TASK DIRECTIONS
Set out exactly, and only, the lines running from the one containing "男性向けラノベタイトル風あだ名 | 『とざわたかひでの憂鬱』 |" to the bottom of the listing below; pictures stay out.

RECORDS FOR PROCESSING
• • •

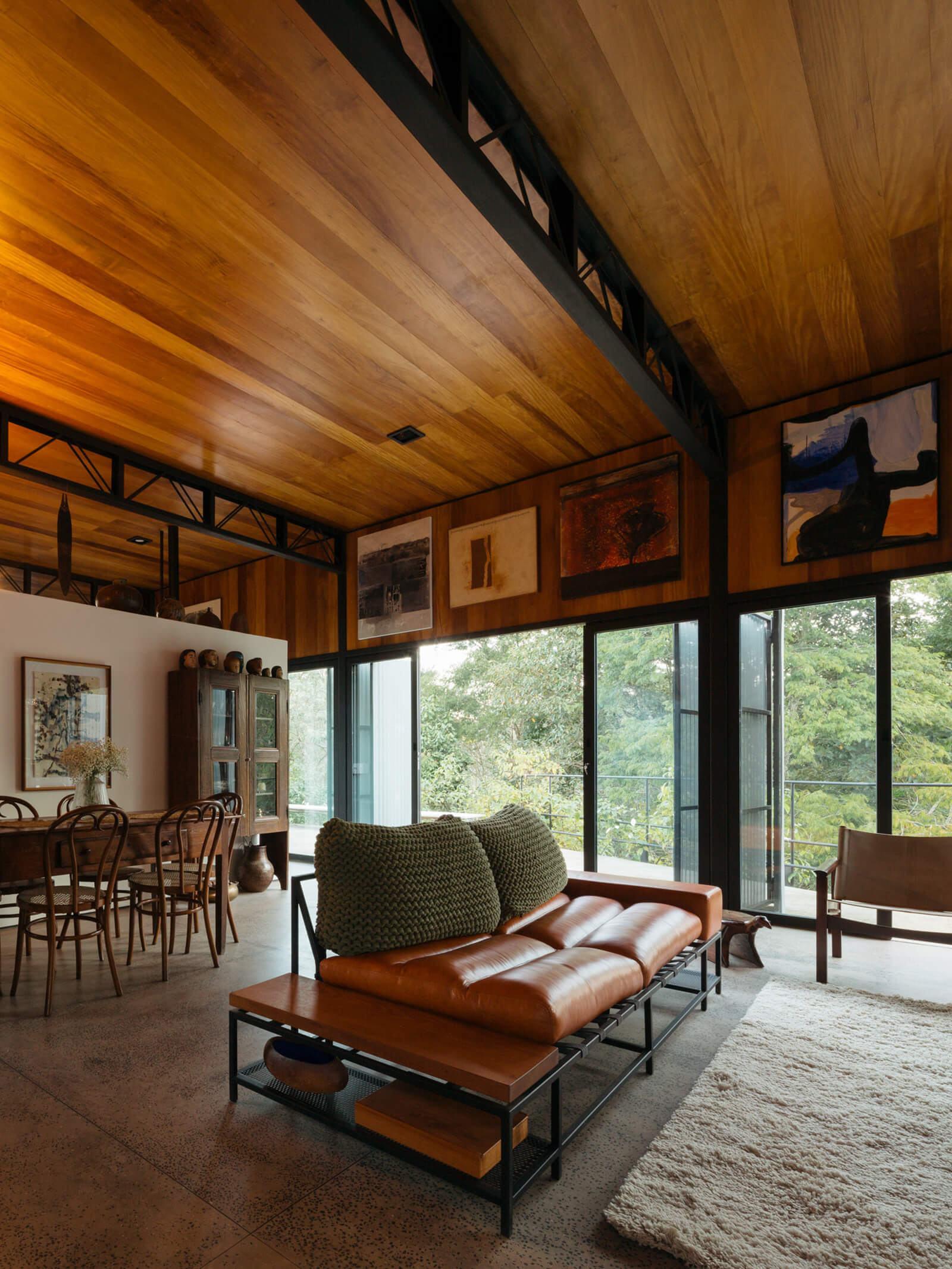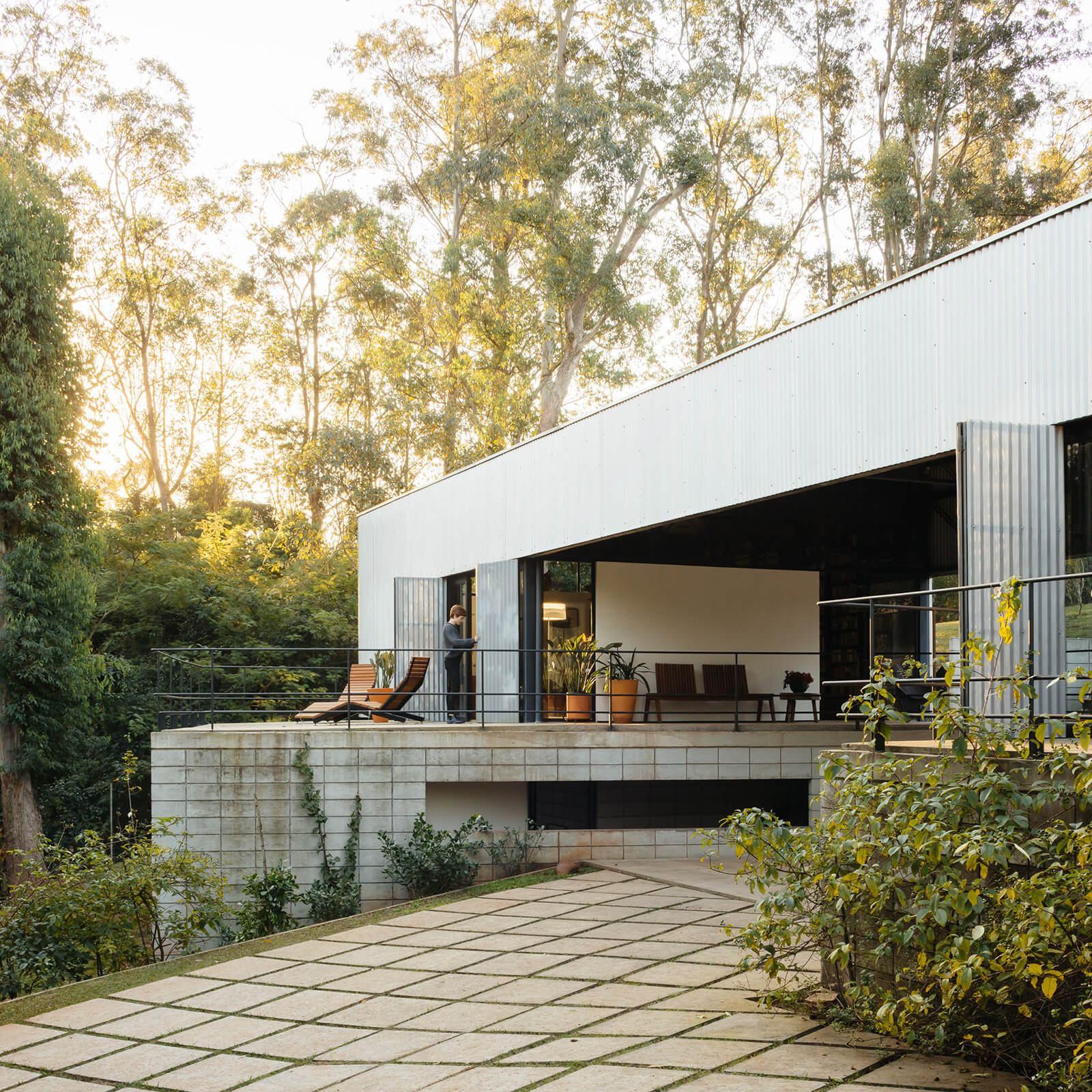 O pavilhão rústico integrado à natureza abraça a escolha de materiais naturais da Prototype.
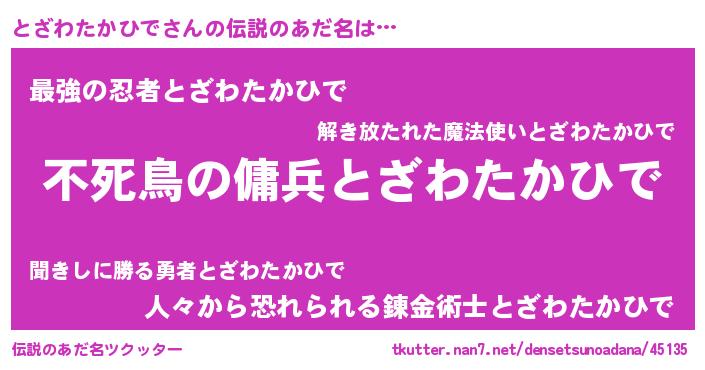 | 男性向けラノベタイトル風あだ名 | 『とざわたかひでの憂鬱』 |
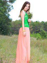 New model Bernie strips in the wheat field as she bares her delectable body.
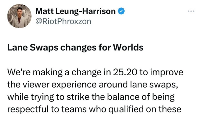 北京时间10月5日,距离S15世界赛是越来越近了,最近关于世界赛的场外消息是非常多的,今年世界赛比赛版本25.20,英雄数值调整已经确定了,但版本更新,得等到10号左右,拳头这段时间,也是在想各种办法,尽可能提升观众的观赛体验,设计师近日就带来了一个好消息:25.20版本,将增加上路换线的惩罚时间!
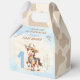 Primer rodeo con temática 1er cumpleaños caja grande de favores gable con un lindo y feliz caballo de vaquero en azul pastel y piel de vaca beige y beige con textura de papel antiguo. Puede elegir entre 3 tamaños de estas cajas de preferencia gable. Personalice fácilmente todo el texto, incluido el número de cumpleaños. - Kate Eden Art
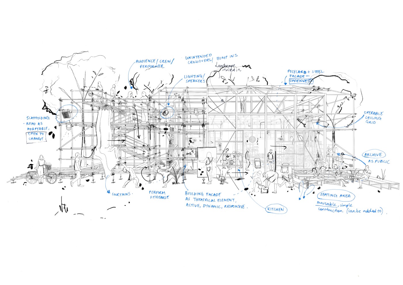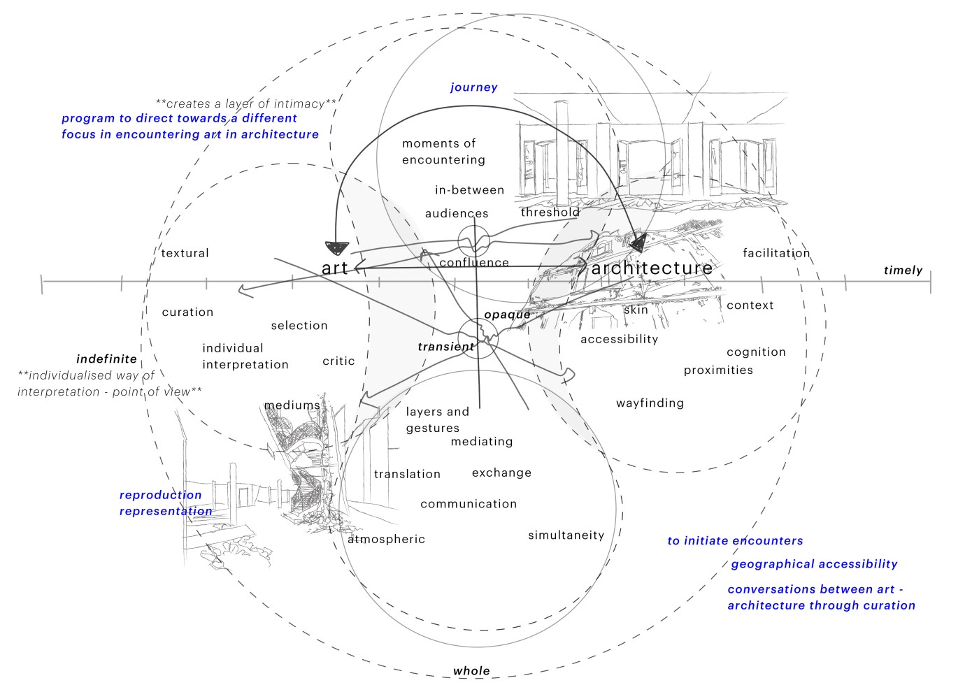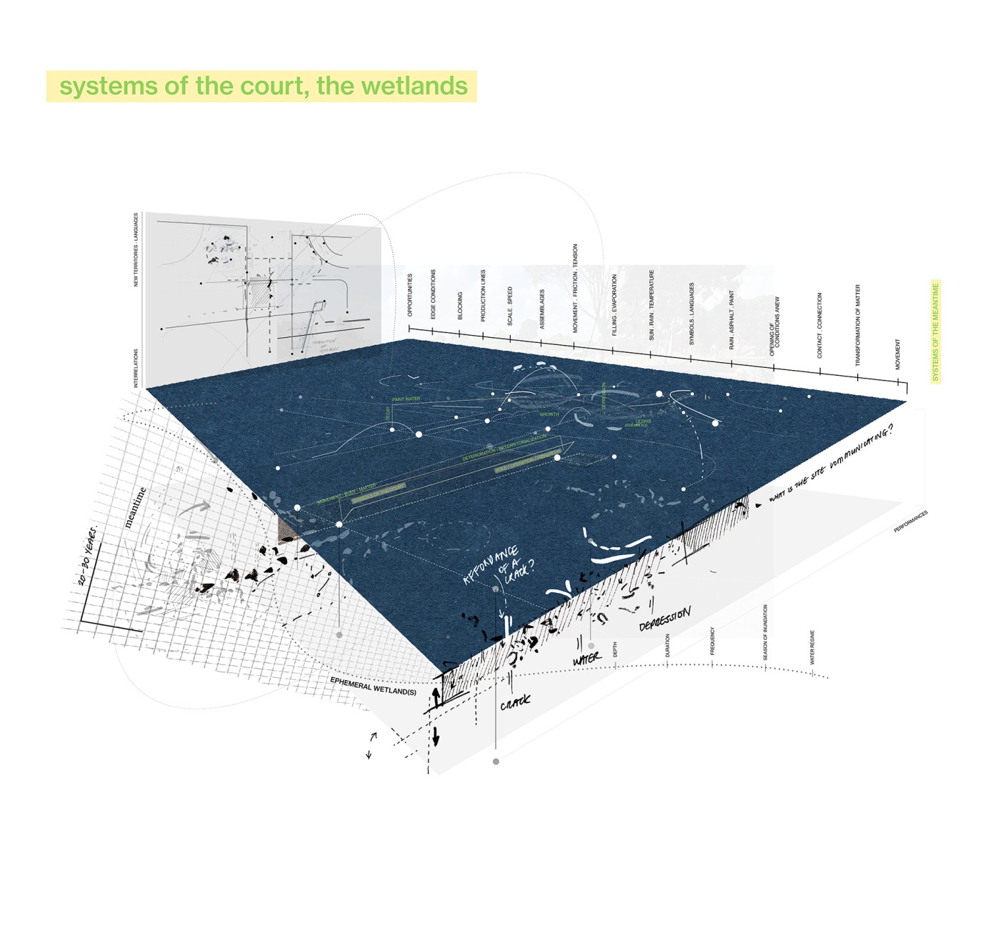 Can an awareness of the certainty of change and the world as a network of intertwined elements encourage design to become fluid to match this change and become a tool rather than a solution? Can the design of transitional spaces play a role in re-situating, reflecting and refreshing of self within one’s communities and networks?
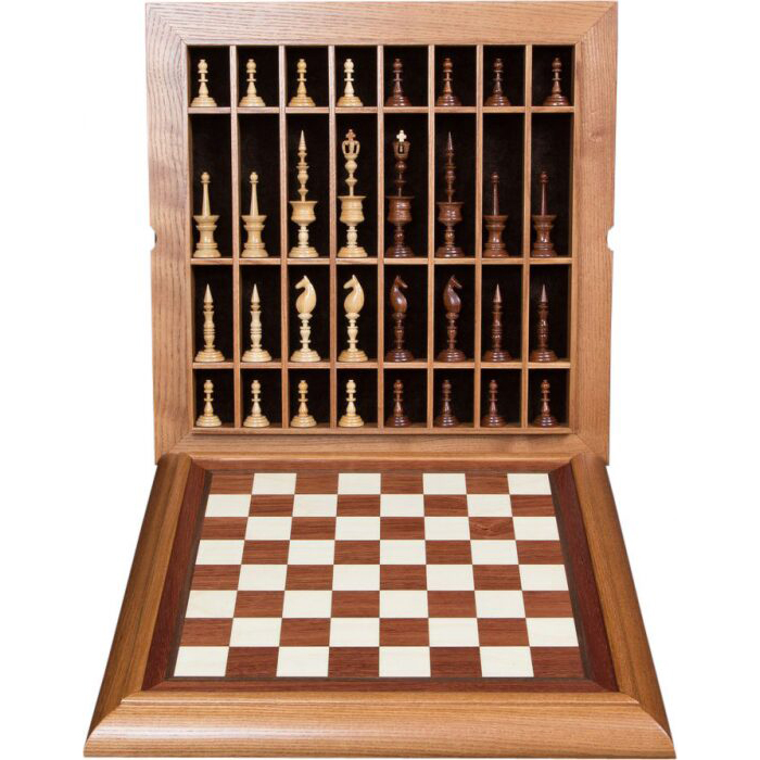 Материалы:фигуры светлые - клен, матовый лак; фигуры темные - красное дерево, матовый лак; все с утяжелением, основания подклеены замшей. Шахматное поле - матовый лак; клетка светлая - клен; клетка темная - красное дерево; корпус - массив ясень тонировка.
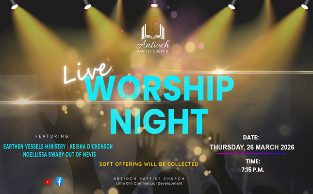 The Antioch Baptist Church warmly invites the public to a Night of Worship on Thursday, March 26, 2026, at 7:15 p.m. at the Lime Kiln Sanctuary, featuring Earthen Vessels Ministry, Keisha Dickenson, and Noellissa Swaby out of Nevis

• • •

RESULT BELOW
 | 男性向けラノベタイトル風あだ名 | 『とざわたかひでの憂鬱』 |
 New model Bernie strips in the wheat field as she bares her delectable body.
 北京时间10月5日,距离S15世界赛是越来越近了,最近关于世界赛的场外消息是非常多的,今年世界赛比赛版本25.20,英雄数值调整已经确定了,但版本更新,得等到10号左右,拳头这段时间,也是在想各种办法,尽可能提升观众的观赛体验,设计师近日就带来了一个好消息:25.20版本,将增加上路换线的惩罚时间!
 Primer rodeo con temática 1er cumpleaños caja grande de favores gable con un lindo y feliz caballo de vaquero en azul pastel y piel de vaca beige y beige con textura de papel antiguo. Puede elegir entre 3 tamaños de estas cajas de preferencia gable. Personalice fácilmente todo el texto, incluido el número de cumpleaños. - Kate Eden Art
 Can an awareness of the certainty of change and the world as a network of intertwined elements encourage design to become fluid to match this change and become a tool rather than a solution? Can the design of transitional spaces play a role in re-situating, reflecting and refreshing of self within one’s communities and networks?
 Материалы:фигуры светлые - клен, матовый лак; фигуры темные - красное дерево, матовый лак; все с утяжелением, основания подклеены замшей. Шахматное поле - матовый лак; клетка светлая - клен; клетка темная - красное дерево; корпус - массив ясень тонировка.
 The Antioch Baptist Church warmly invites the public to a Night of Worship on Thursday, March 26, 2026, at 7:15 p.m. at the Lime Kiln Sanctuary, featuring Earthen Vessels Ministry, Keisha Dickenson, and Noellissa Swaby out of Nevis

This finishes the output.